The piano bar comes to life in ‘Me oh my’, that sounds a bit too lush even  by Ferry standards. I treat it as an introduction of sorts to the dramatic ‘Shameless’. Anything that has the virus-like horse hooves sound has my attention. But add to that firm line the world’s most sophisticated singing voice teaming up with Groove Armada’s terrifying groovy sound and a line that goes, “In a shameless world/ Rock’n’roll desire”, I’m hooked, line, methadone and sinker.

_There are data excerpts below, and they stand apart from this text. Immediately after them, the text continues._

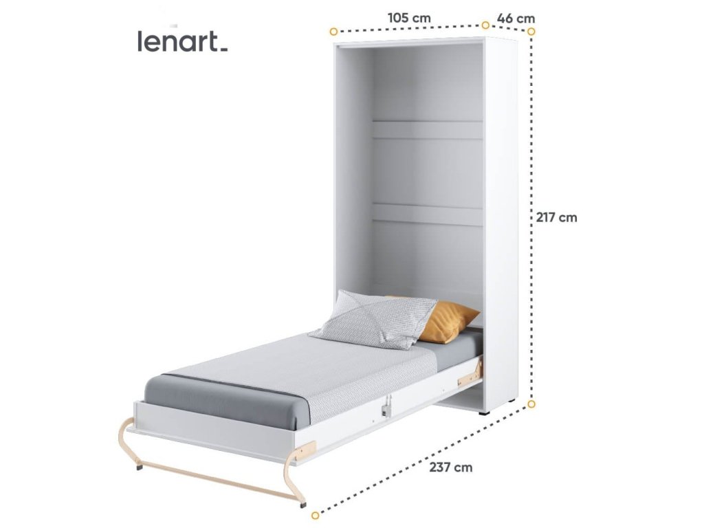 Vysoká výklopná postel 90 bílá lesk/bílá mat. Korpus nábytku je v matné bílé barvě, čelo nábytku je v bílém lesku. Rozměry viz obrázek. Každý kus nábytku v novém provedení Vám umožní dokonale zařídit menší ložnici nebo obývací, dětský či studentský pokoj. Se sklápěcí postelí Vás už nebude trápit malý prostor Vaší domácnosti. Díky stabilní konstrukci zaručuje pohodlný odpočinek. Bezpečnost je velmi důležitá a tak má naše sklápěcí postel mechanismus, kterým zablokujete postel proti samovolnému otevření. Při sklápění postele FUNKCE STOP zajistí bezpečné otevírání i zavírání. Tento výjimečný systém Vám umožní manipulaci pouze jedním prstem. Když je postel sklopená, vypadá jako běžná skříň. Při rozložení postele má hloubku 237 cm. Vyklopením se vytáhne celá šířka postele. Rám je nutno přišroubovat ke zdi, nosnost postele je 100 kg. Rošt postele je v ceně, matrace není součástí, je potřeba ji dokoupit. Doporučujeme velikost 90 x 200 x výšku do 18 cm. Po sklopení postele vzniká prostor pod postelí o výšce 20,4 cm. Nábytek je vyroben z kvalitního lamina s ABS hranou. Lamino je odolné proti poškrábání, poškození, vlhkosti a vysokým teplotám. Postel nabízíme v několika velikostech a barevných provedeních. Dodáváme v demontovaném stavu. Můžete si prohlédnout prezentační video, klikněte ZDE.
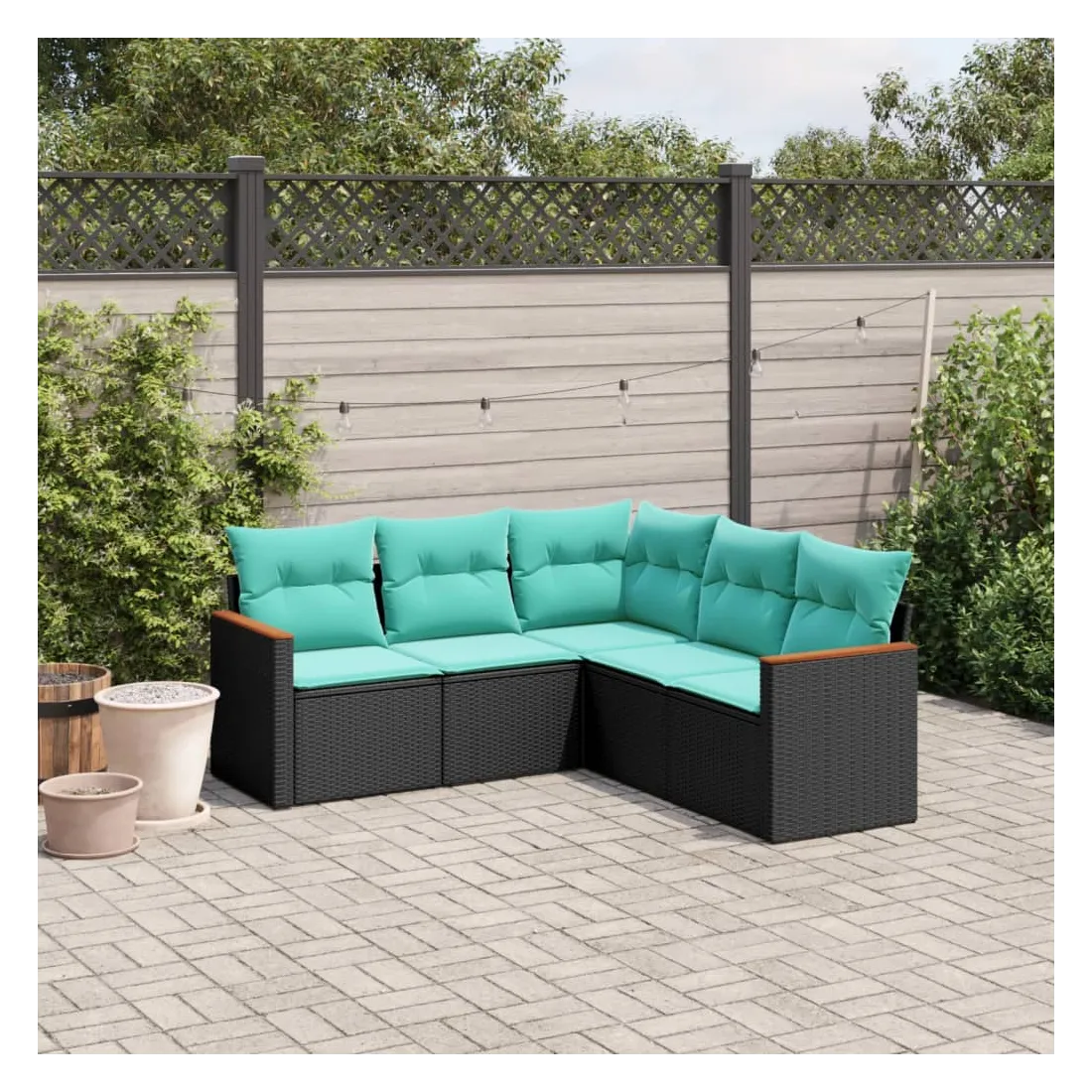 Salon de jardin 5 pcs avec coussins noir résine tressée
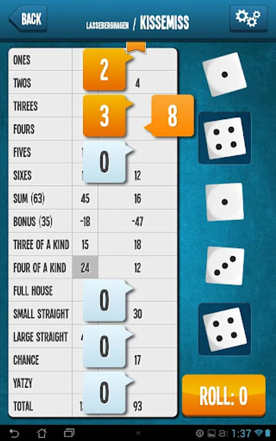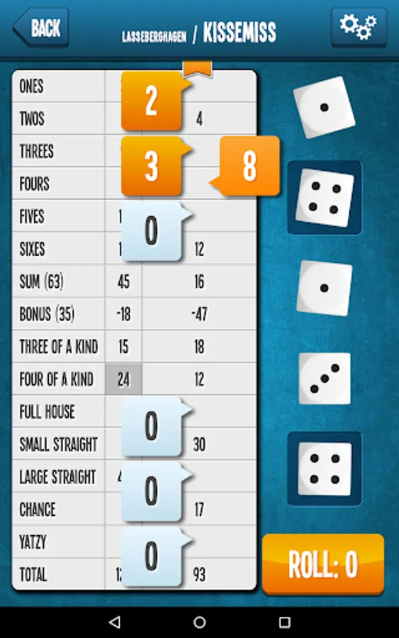 - Training mode (Let's you see the anticipated end score depending on choice of dice)
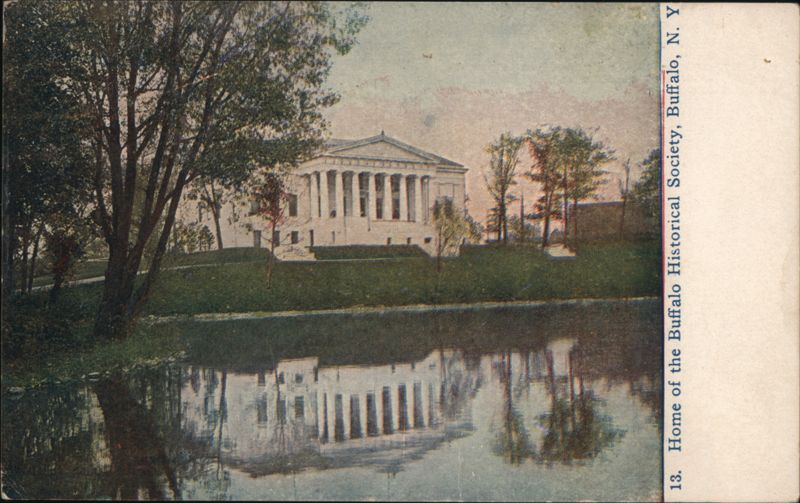 The Buffalo Historical Society building, located in Delaware Park, is constructed of white marble. It contains a free reference library and museum.
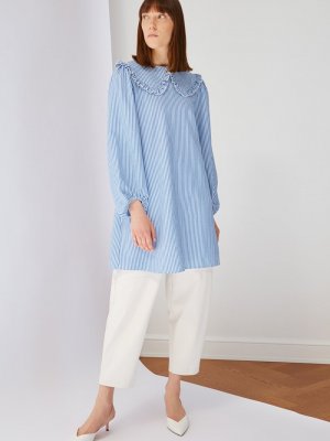 Trendyol Modest Mavi Çizgili Yaka detaylı Tunik Elbise
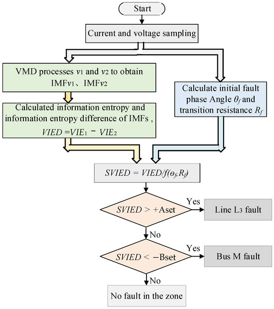 SVIED, which incorporates two fault condition attributes, becomes a four-dimensional dataset with multiple pieces of information. In the fault judgment process, the integrated fault characteristic examines the malfunctioning characteristic quantities analyzed from the viewpoint of the malfunction condition attribute, thus overcoming the influence of the fault condition attributes on the fault characteristic value. This significantly improves the accuracy of fault judgment and enhances protection reliability. The comprehensive fault characteristics include two fault condition attributes. In the fault judgment process, the suggested protection algorithm consists of the following six steps, and the algorithm flowchart is illustrated in Figure 4. The pseudocode for the proposed algorithm is presented in Pseudocode 1.
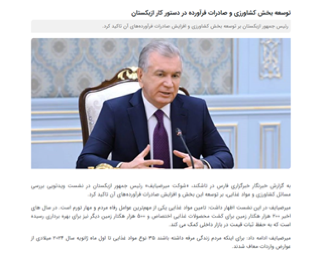 Ведущее иранское информационное агентства «Fars News» опубликовало статью под заголовком «Развитие аграрного сектора и экспорта продукции в повестке дня Узбекистана”.
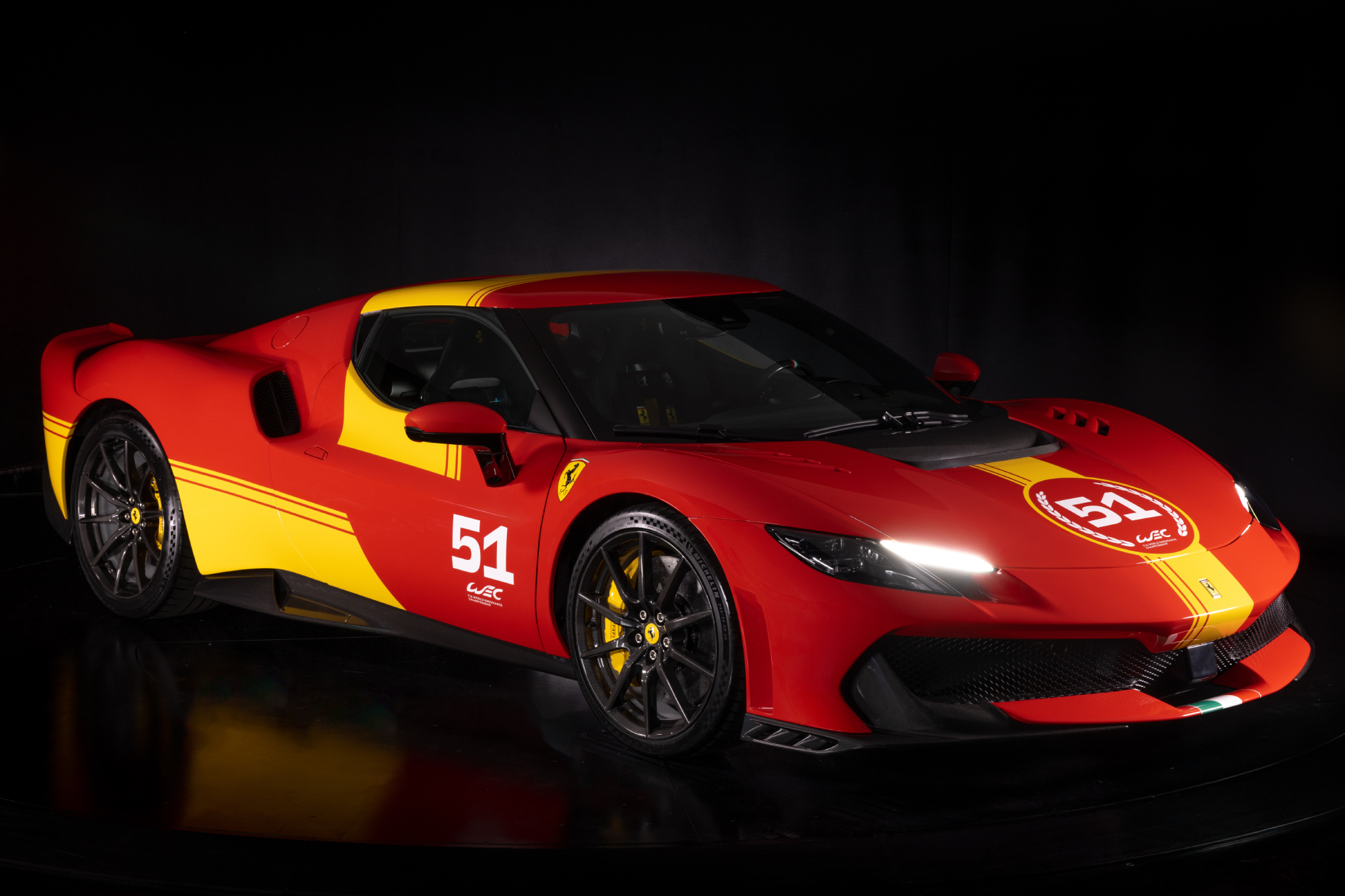 That includes the Hypercar’s predominantly Rosso Scuderia red livery with Giallo Modena yellow stripe highlights, an Italian flag on the lower front bumper, as well as the winning number #51.

Ferry overplays his hand in his cover of Tim Buckley’s ‘Song to  the siren’, holds steady while singing the old Traffic song, ‘No face, no name, no number’ (here it sounds like a song you’d hear at a beach bar in Goa). As far as covers on this album goes, Ferry takes a stab at the John Lennon-Elton John number, ‘Whatever gets you thru the night’, and while he gets lotsa points for making it sound ‘his own’, he reall does fatally stab the song to death. Ferry does some damage control in the final track, Elvis’s ‘One night’, the warble of the dead, fat burger King suiting the honey’n’scotch of the living Ferry in his tux. Olympia (with its reference to édouard Manet’s gorgeous painting of the same name courtesy Kate Moss on the CD’s cover and liner pages) is half a great album that sees one of pop music’s most famous stylists peep his well-combed head out of the box in partially controlled disarray.